Retype, exactly and completely, the listing that comes next, skipping its images.

[Provided data — start]

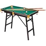 (More customer reviews)This is a very good quality pool table. It's foldable legs make it portable and the balls feel extremley realistic as well. My only gripes are that the cues feel a little cheap and that after chalking the cues some blue marks are left on the felt surface and the cue ball. The surface is cleanable with the brush but the cue ball's blue mark is perminant. Other than those gripes, it's a great item in terms of both price and quality.
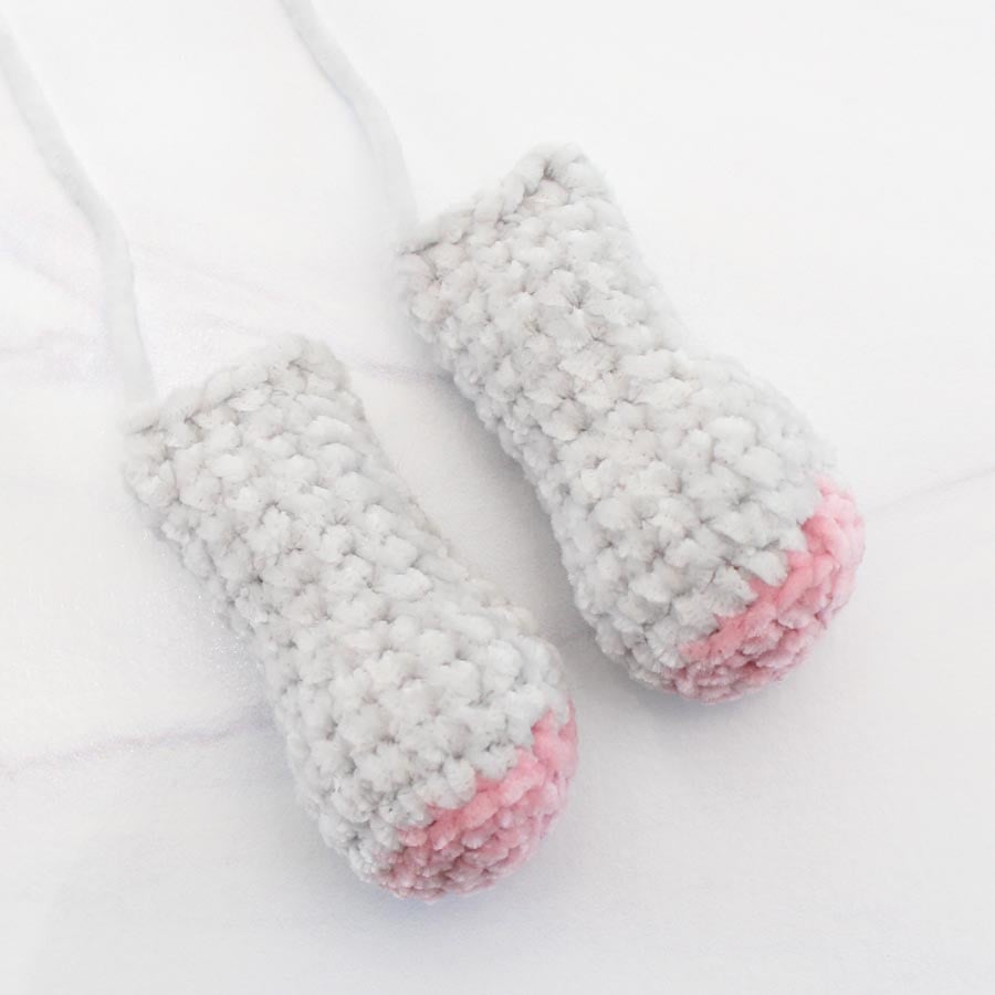 Pinch leg flat and SC across the top (through both layers) to close. Fasten off, leaving a long tail. Repeat instructions above for second leg. Set legs aside for sewing later.
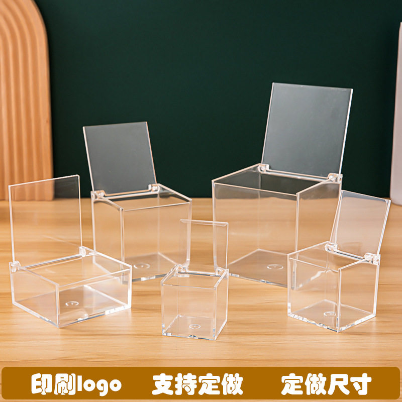 翻盖透明塑料盒正方形亚克力手办首饰化妆品收纳展示斗鱼方盒子
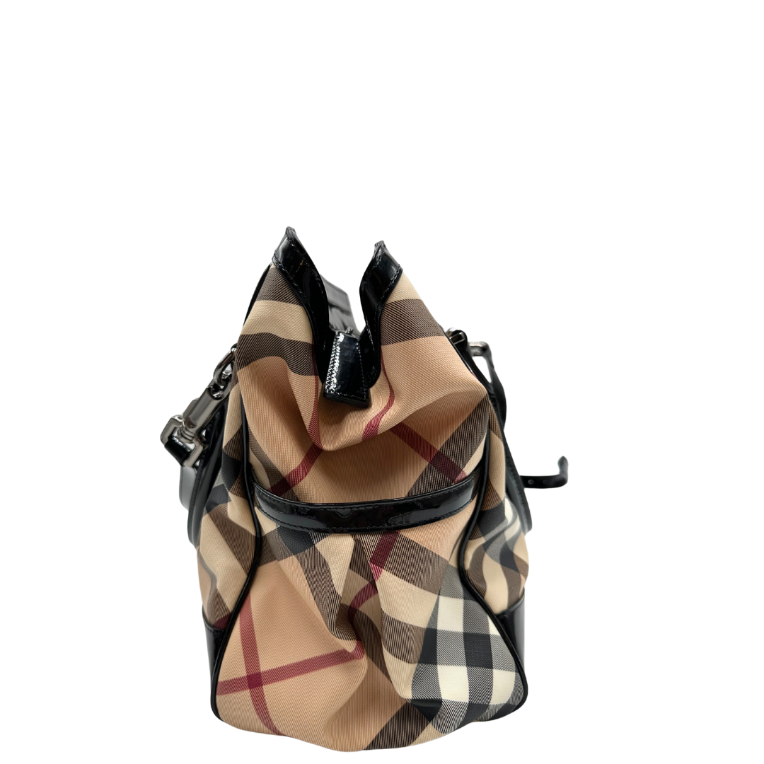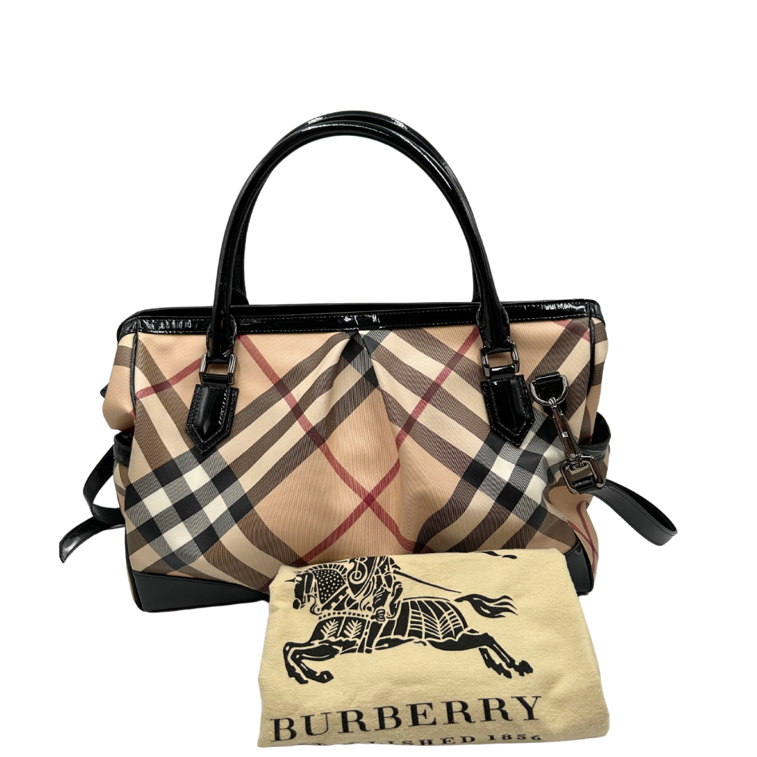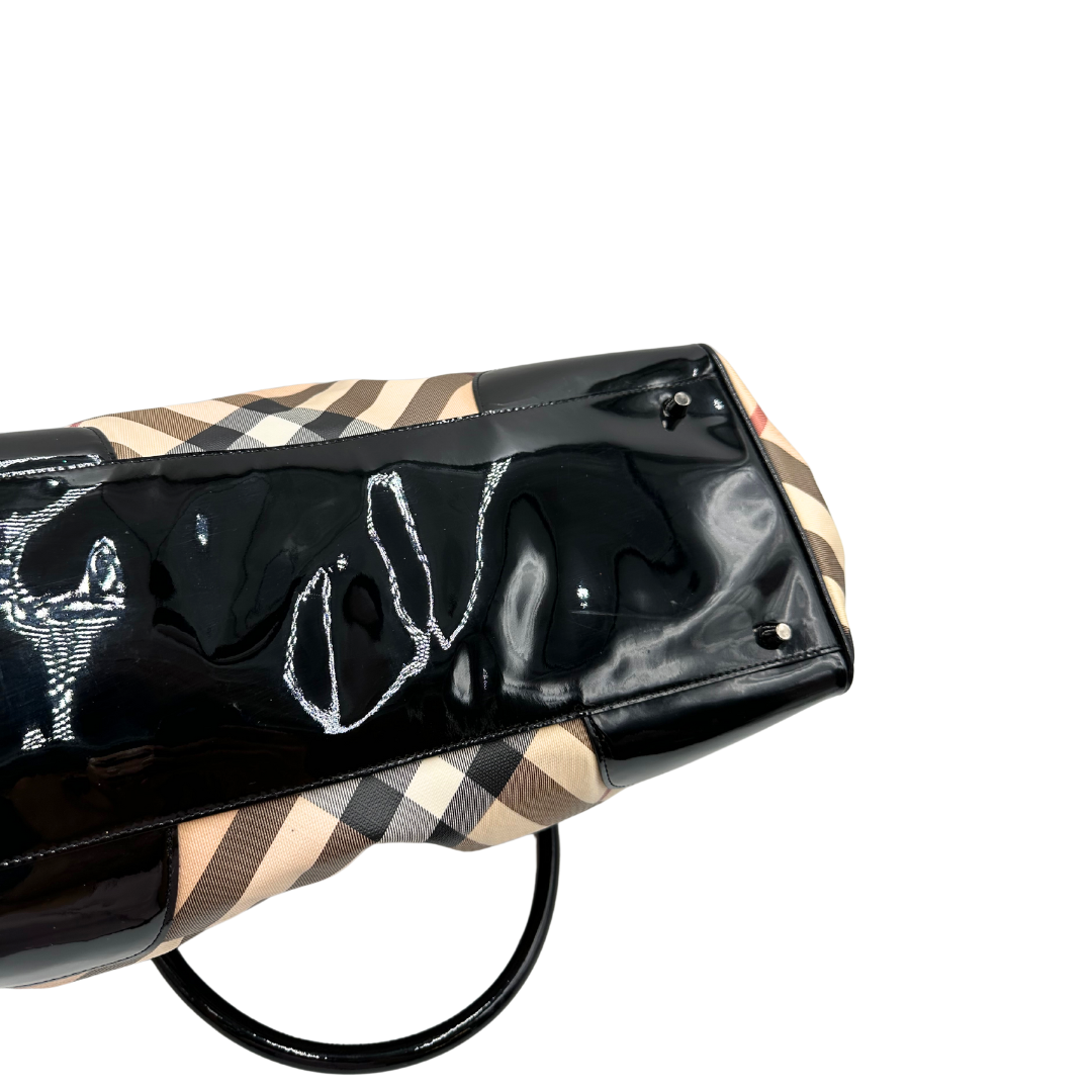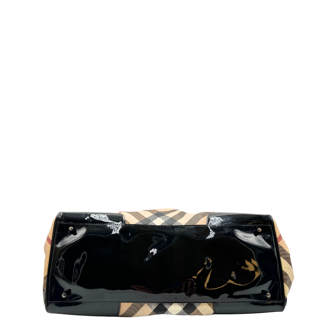 Descrizione: Shopper Burberry in canvas trama Tartan con dettagli in vernice nera lucida. Munita di doppi manici stondati e tracolla amovibile e regolabile; dettagli in metalleria effetto renio. Completa di dustbag.

[Provided data — finish]

[Exercise output]
 (More customer reviews)This is a very good quality pool table. It's foldable legs make it portable and the balls feel extremley realistic as well. My only gripes are that the cues feel a little cheap and that after chalking the cues some blue marks are left on the felt surface and the cue ball. The surface is cleanable with the brush but the cue ball's blue mark is perminant. Other than those gripes, it's a great item in terms of both price and quality.
 Pinch leg flat and SC across the top (through both layers) to close. Fasten off, leaving a long tail. Repeat instructions above for second leg. Set legs aside for sewing later.
 翻盖透明塑料盒正方形亚克力手办首饰化妆品收纳展示斗鱼方盒子
 Descrizione: Shopper Burberry in canvas trama Tartan con dettagli in vernice nera lucida. Munita di doppi manici stondati e tracolla amovibile e regolabile; dettagli in metalleria effetto renio. Completa di dustbag.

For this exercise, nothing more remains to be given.